2025 Copa Verde

Tournament details
- Country: Brazil
- Dates: 22 January – 23 April
- Teams: 24

Final positions
- Champions: Paysandu (5th title)
- Runners-up: Goiás

Tournament statistics
- Matches played: 30
- Goals scored: 85 (2.83 per match)
- Top goal scorer(s): Rossi (4 goals)

= 2025 Copa Verde =

12th edition of a Brazilian association football competition

The 2025 Copa Verde was the 12th and last edition as tournament format of this football competition held in Brazil. Featuring 24 clubs, Acre, Amazonas, Distrito Federal, Espírito Santo, Mato Grosso, Pará and Tocantins have two vacancies; Amapá, Goiás, Mato Grosso do Sul, Rondônia and Roraima with one each. The others five berths was set according to CBF ranking.

In the finals, Paysandu defeated Goiás 5–4 on penalties after tied 1–1 on aggregate to win their 5th title and a place in the third round of the 2026 Copa do Brasil.

==Qualified teams==

| Association | Team | Qualification method |
| Acre Acre 2 berths | Independência | 2024 Campeonato Acreano champions |
| Humaitá | 2024 Campeonato Acreano runners-up |
| Amapá Amapá 1 berth | Trem | 2024 Campeonato Amapaense champions |
| Amazonas Amazonas 2 berths | Manaus | 2024 Campeonato Amazonense champions |
| Amazonas | 2024 Campeonato Amazonense runners-up |
| Distrito Federal Distrito Federal 2+1 berths | Ceilândia | 2024 Campeonato Brasiliense champions |
| Capital | 2024 Campeonato Brasiliense runners-up |
| Brasiliense | 2nd best placed team in the 2025 CBF ranking not already qualified |
| Espírito Santo Espírito Santo 2 berths | Rio Branco | 2024 Campeonato Capixaba champions |
| Vitória | 2024 Copa Espírito Santo runners-up |
| Goiás Goiás 1+2 berths | Vila Nova | 2024 Campeonato Goiano runners-up |
| Goiás | 1st best placed team in the 2025 CBF ranking not already qualified |
| Aparecidense | 3rd best placed team in the 2025 CBF ranking not already qualified |
| Mato Grosso Mato Grosso 2 berths | União Rondonópolis | 2024 Campeonato Mato-Grossense runners-up |
| Luverdense | 2024 Campeonato Mato-Grossense 3rd place |
| Mato Grosso do Sul Mato Grosso do Sul 1 berth | Operário | 2024 Campeonato Sul-Mato-Grossense champions |
| Pará Pará 2+1 berths | Paysandu | 2024 Campeonato Paraense champions |
| Remo | 2024 Campeonato Paraense runners-up |
| Águia de Marabá | 4th best placed team in the 2025 CBF ranking not already qualified |
| Rondônia Rondônia 1 berth | Porto Velho | 2024 Campeonato Rondoniense champions |
| Roraima Roraima 1+1 berths | GAS | 2024 Campeonato Roraimense champions |
| São Raimundo | 5th best placed team in the 2025 CBF ranking not already qualified |
| Tocantins Tocantins 2 berths | União | 2024 Campeonato Tocantinense champions |
| Tocantinópolis | 2024 Campeonato Tocantinense runners-up |

==Schedule==
The schedule of the competition is as follows.

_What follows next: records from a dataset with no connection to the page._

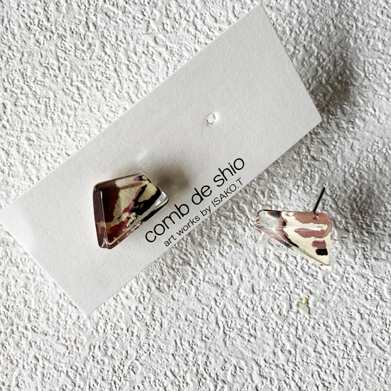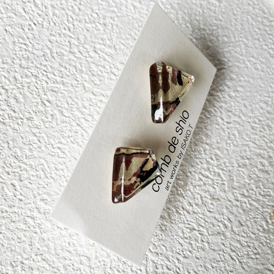ガラス作家Isakoが、独自の手法で、透明なガラスから彩色・焼成を繰り返し、ひとつひとつ手作業で作り上げた、美しい1点もののガラスピアスです。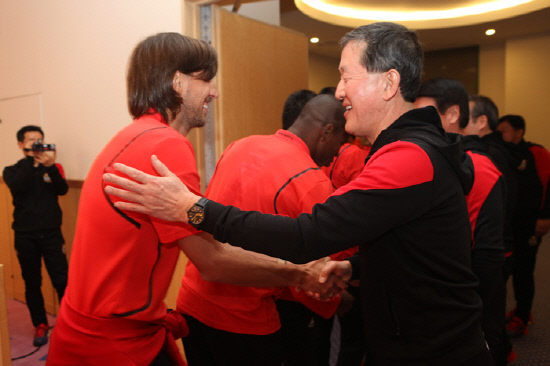 허 회장은 올시즌도 K-리그 클래식을 선도하는 구단답게 팬들에게 감동을 주는 모습을 보여주기를 당부했다. 14일 선수단과의 만찬에서 허 회장은 "무엇보다 팬들에게 기쁨과 감동을 선사할 수 있는 모습을 보일 수 있게 준비하는 것이 중요하다"면서 "최용수 감독을 중심으로 모두가 한마음이 되어 이제는 대한민국을 넘어 아시아에서 FC서울의 이름이 드높여질 수 있도록 최선을 다해주기 바란다"고 말했다.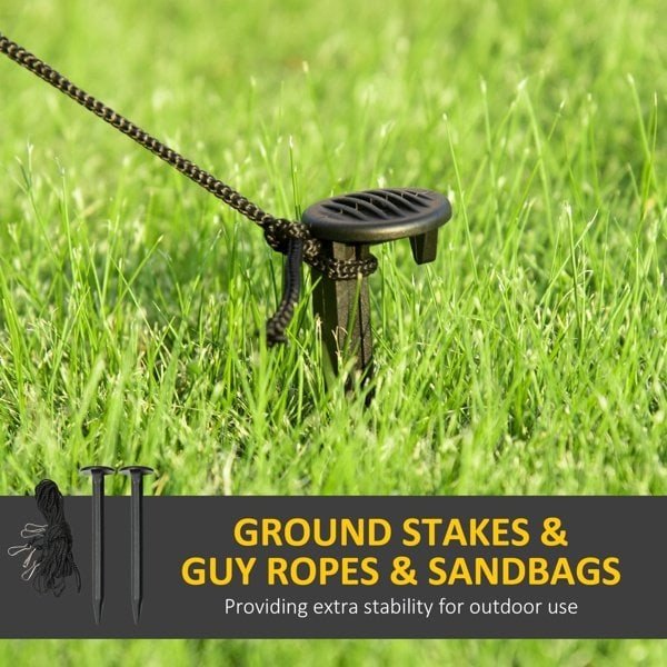 • – Includes two ground stakes and two drawstrings to help keep it anchored on windy nights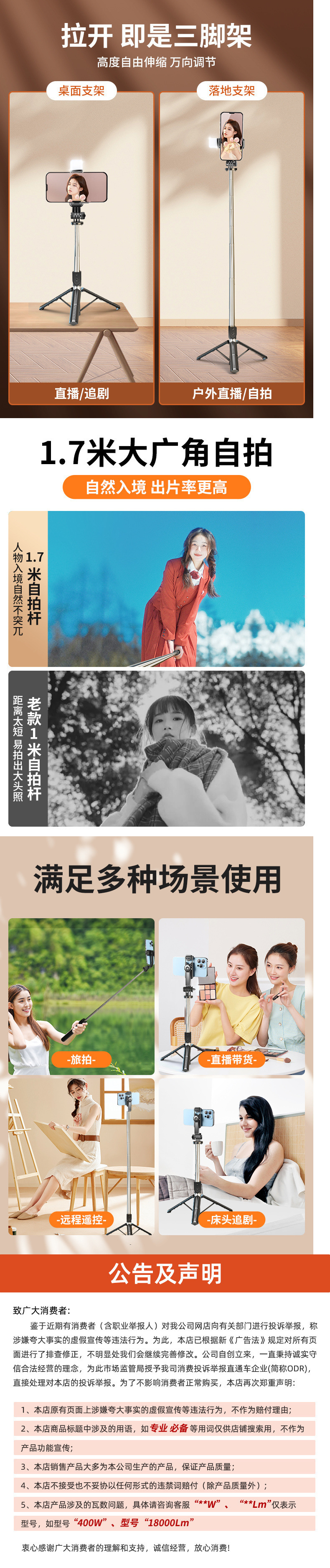 • [확장 1.7m ] 셀카봉 삼각대 + 뷰티램프
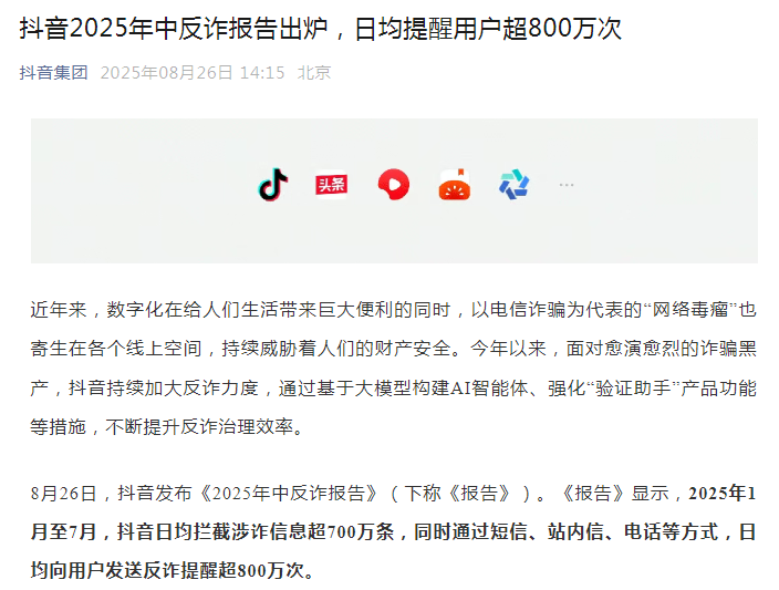 8月26日,抖音发布《2025年中反诈报告》(下称《报告》)。《报告》显示,2025年1月至7月,抖音日均拦截涉诈信息超700万条,同时通过短信、站内信、电话等方式,日均向用户发送反诈提醒超800万次。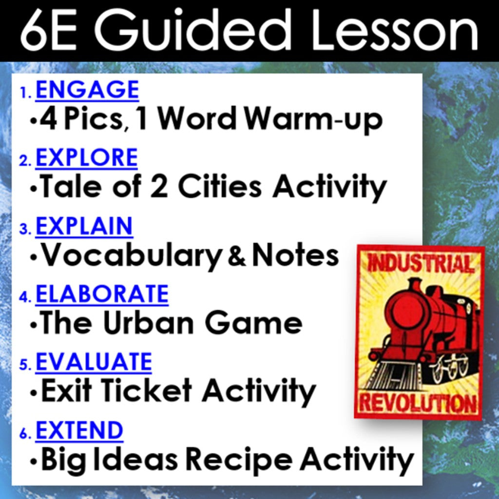 This fun lesson allows students to experience the changes to daily life during the Industrial Revolution and explore the effects of rapid urbanization on the world. The activities are engaging for students, and the guided 6-E format is easy for you to use! Everything you need is included!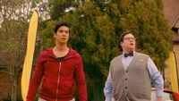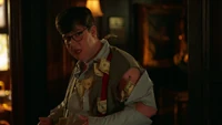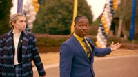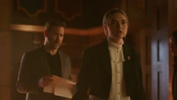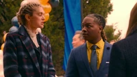 Meanwhile, Alaric leaves the school to try and get a loan from the bank and leaves Kaleb to assist Lizzie, tasking him to not allow anyone to use their supernatural abilities to influence the fundraiser.
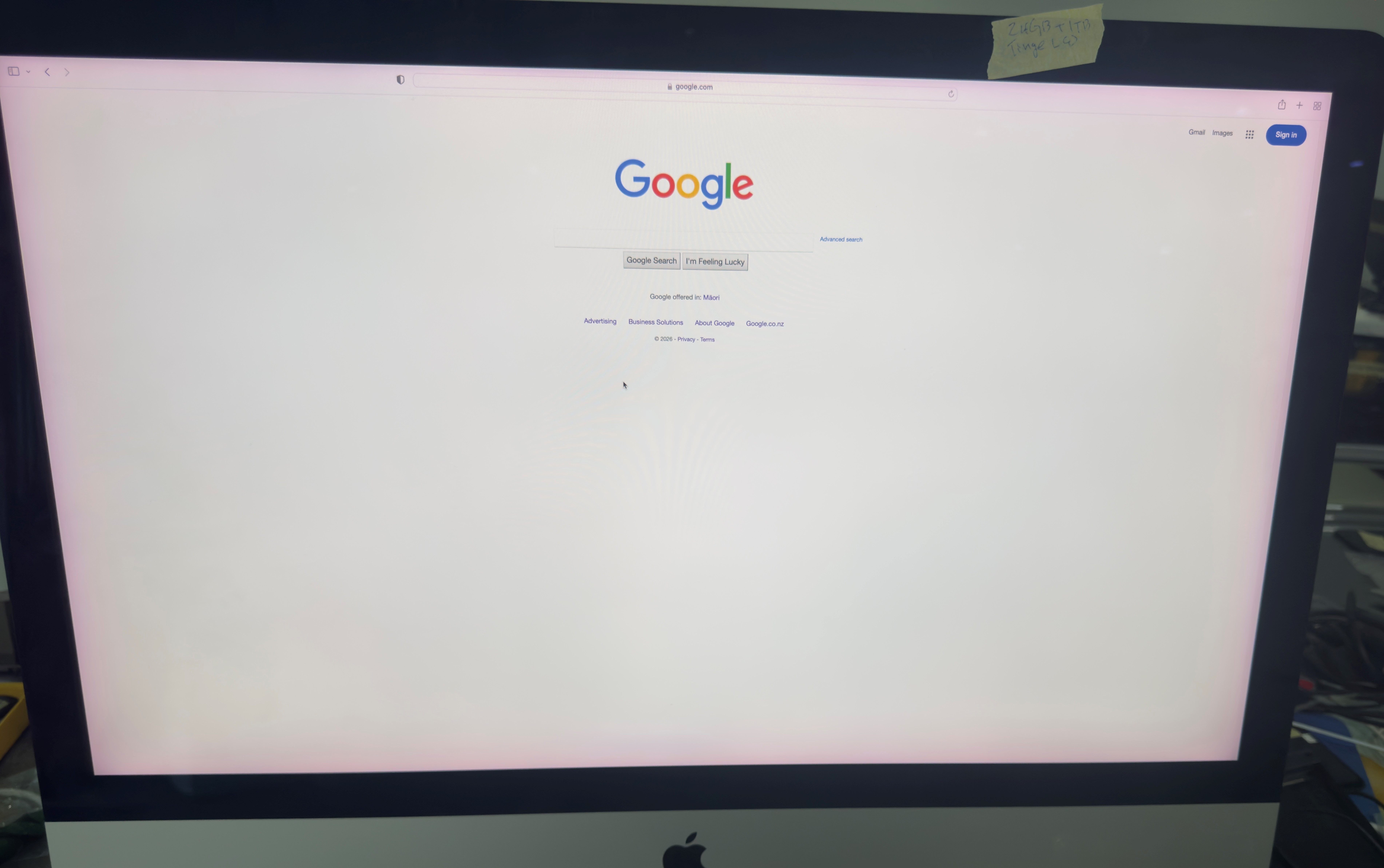 - Appearance: There is a subtle pinkish tint visible around the borders of the display, most noticeable on white or light-coloured backgrounds.
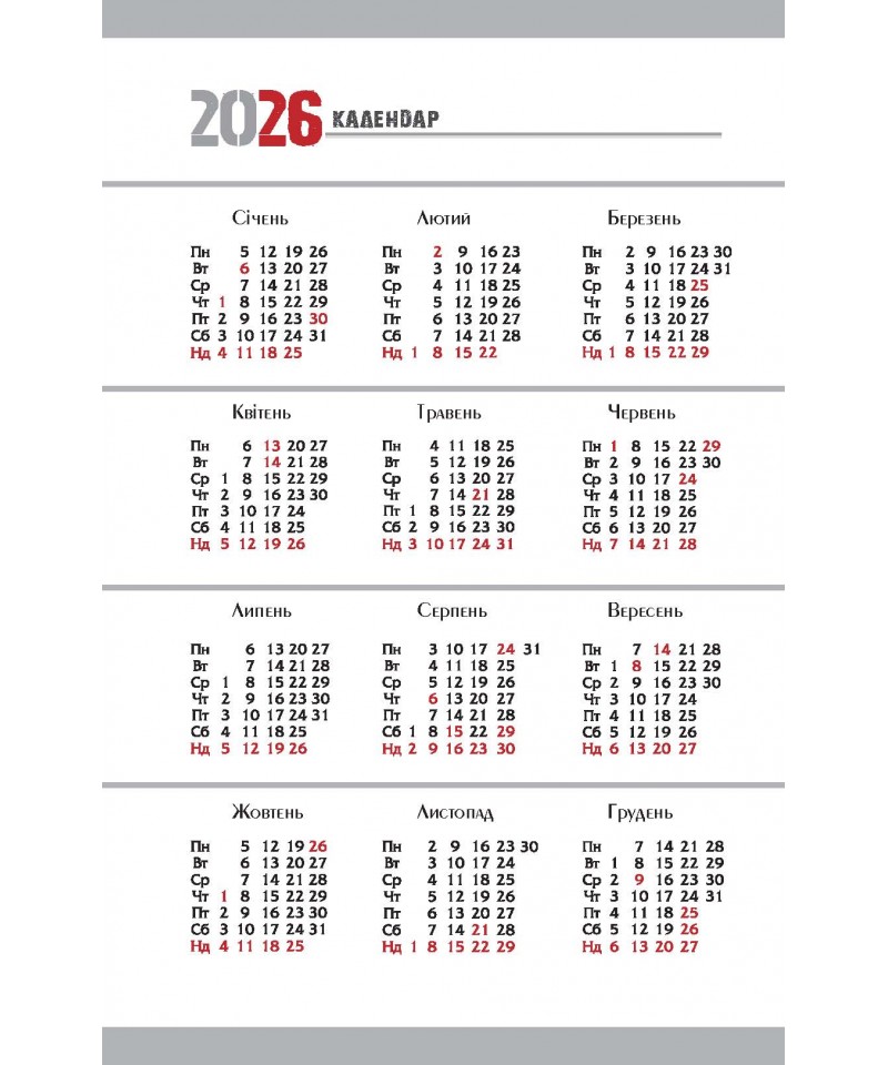 Календар чоловіка 2026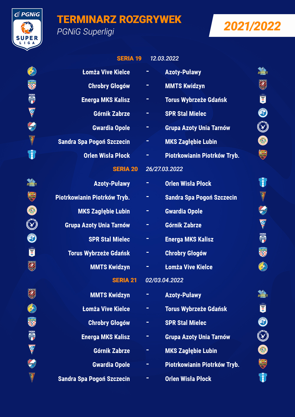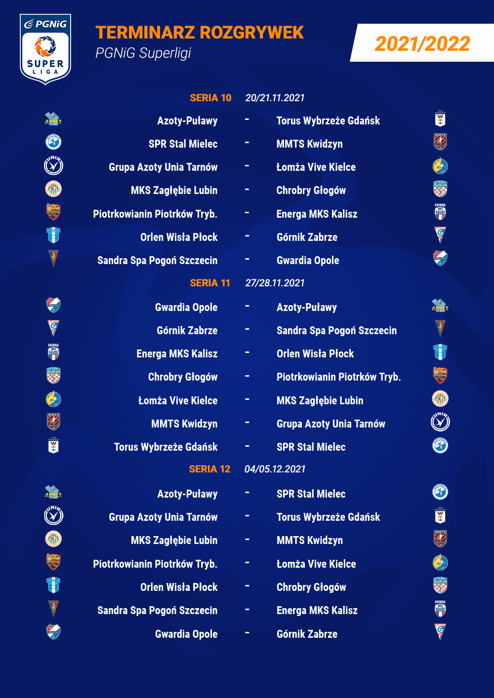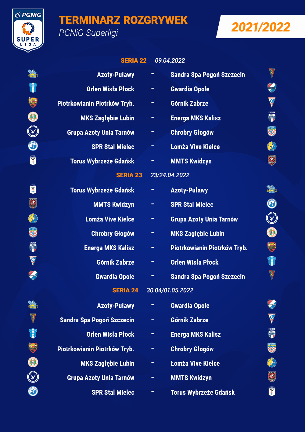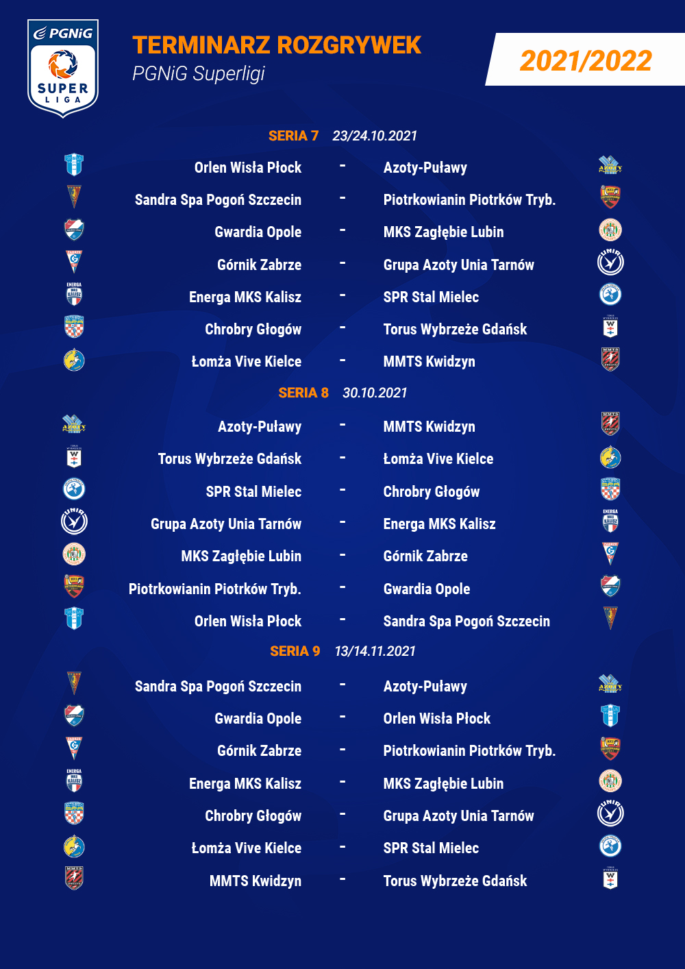 Najważniejsze terminy sezonu 2021/22 PGNiG Superligi: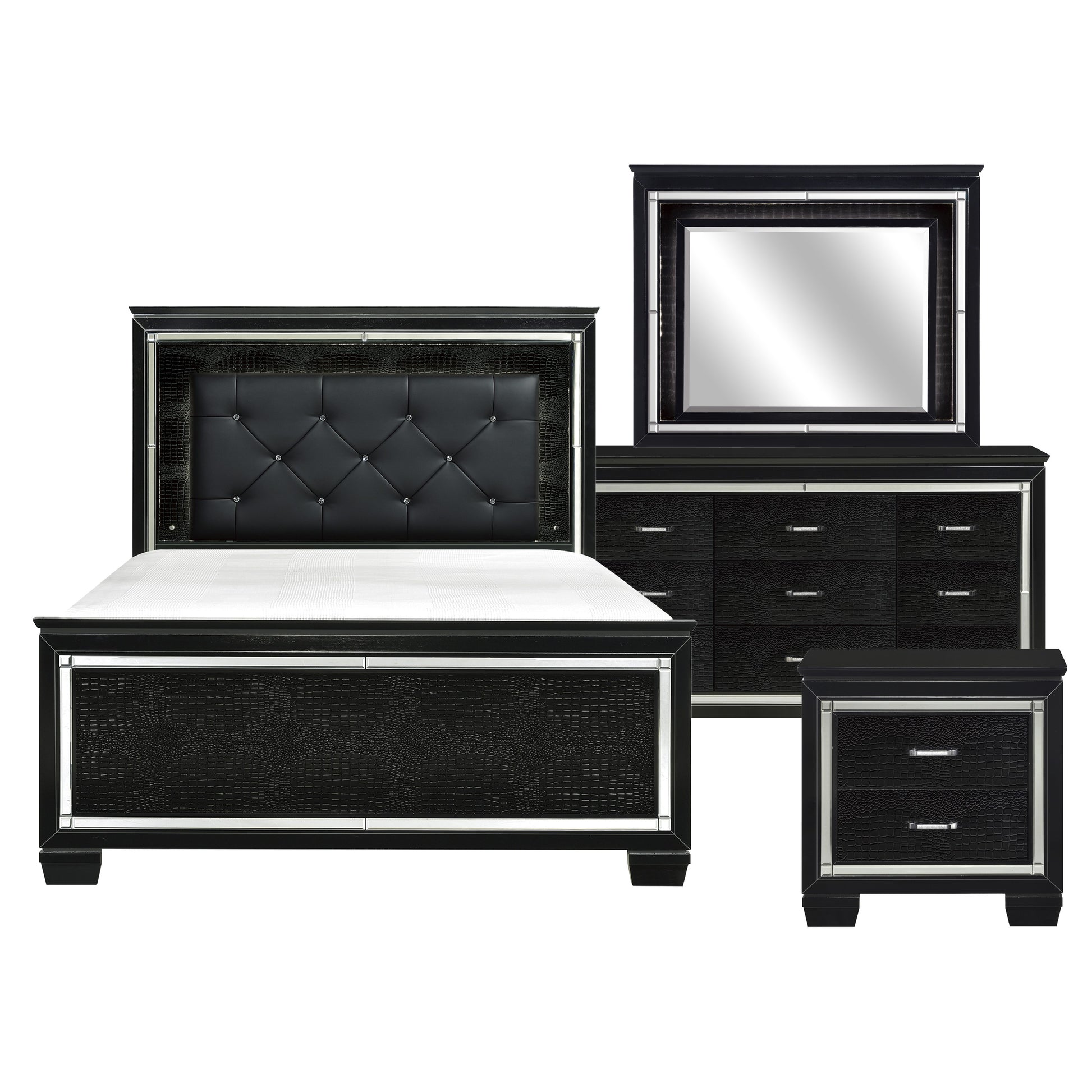 Glamour reigns in the design of the Allura Collection. Framing each piece is a decorative beveled mirror accent that enhances the illumination from the touch-engaged LED backlight of the headboard and mirror, as well as the under-light of the night stand. Alligator embossing and high polished crystal-enhanced hardware boldly accent the black finish as does the black faux leather crystal-tufted headboard insert of the collection.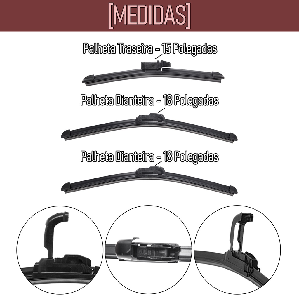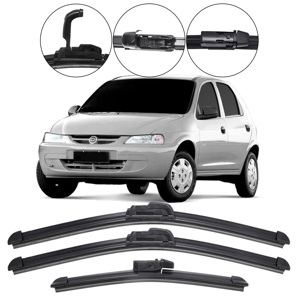 Kit 3 Palhetas Limpador Parabrisa Dianteiro + Traseiro Chevrolet Celta 2002/2010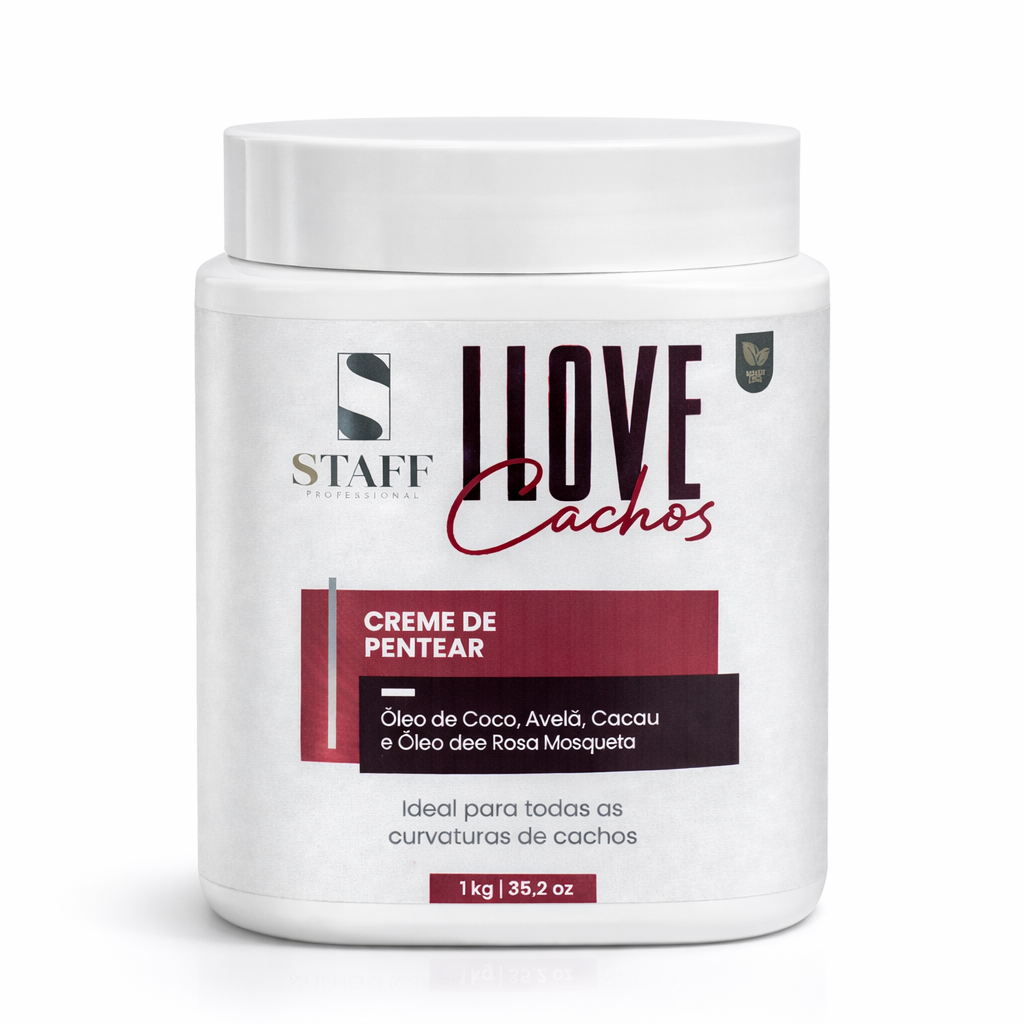 Creme de pentearI LOVE CACHOS STAFF VEGAN, cachos definidos, hidratados, macios, com brilho e vida. Enriquecido com óleo de coco, avelã, cacau e rosa mosqueta para quem ama cuidar e tratar dos seus cachos.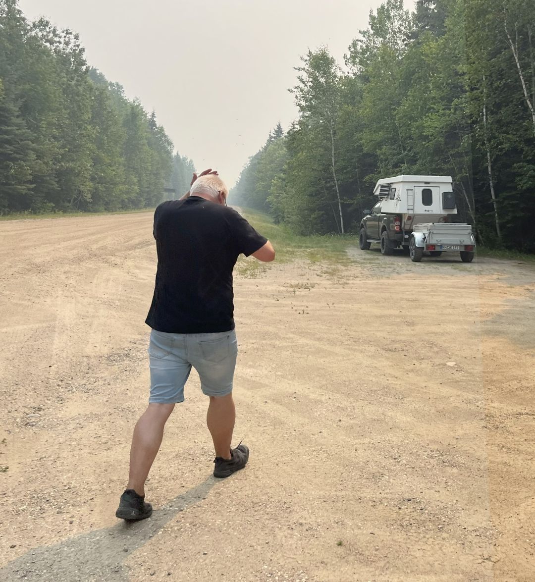 Wir fahren die Kingsmere Road bis zu dem Punkt an dem sie gesperrt wurde und wollen den Narrows Peninsula Trail laufen. Der ist so 3,5 km lang und führt über eine kleine Landzunge im Waskesiu-See. Wir haben noch nicht mal richtig angehalten da werden wir schon von den ersten Bremsen begrüßt. Wir versuchen's trotzdem. Eingesprüht mit Mückenschutz (mit 27% DEET!-Anteil, Autan kannst hier vergessen) laufen wir los aber kommen keine 200m weit. Dann wirds mit Fliegen, Mücken, Bremsen und keine Ahnung was noch alles, so schlimm, dass es unerträglich ist. Wir flüchten zurück ins Auto und sind erstmal beschäftigt alles platt zu hauen, was es mit ins Fahrzeug geschafft hat.

| Stage | First leg | Second leg |
|---|---|---|
| First round | 22 January 2025; |  |
| Round of 16 | 4, 5 and 6 February 2025; |  |
| Quarter-finals | 12 and 13 February 2025 | 19, 26 and 27 February 2025 |
| Semi-finals | 12 March 2025 | 19 March 2025 |
| Finals | 9 April 2025 | 23 April 2025 |

==Finals==

9 April 2025
Paysandu 0-0 Goiás
----
23 April 2025
Goiás 1-1 Paysandu
  Goiás: Welliton Matheus 25'
  Paysandu: Cavalleri
Tied 1–1 on aggregate, Paysandu won on penalties.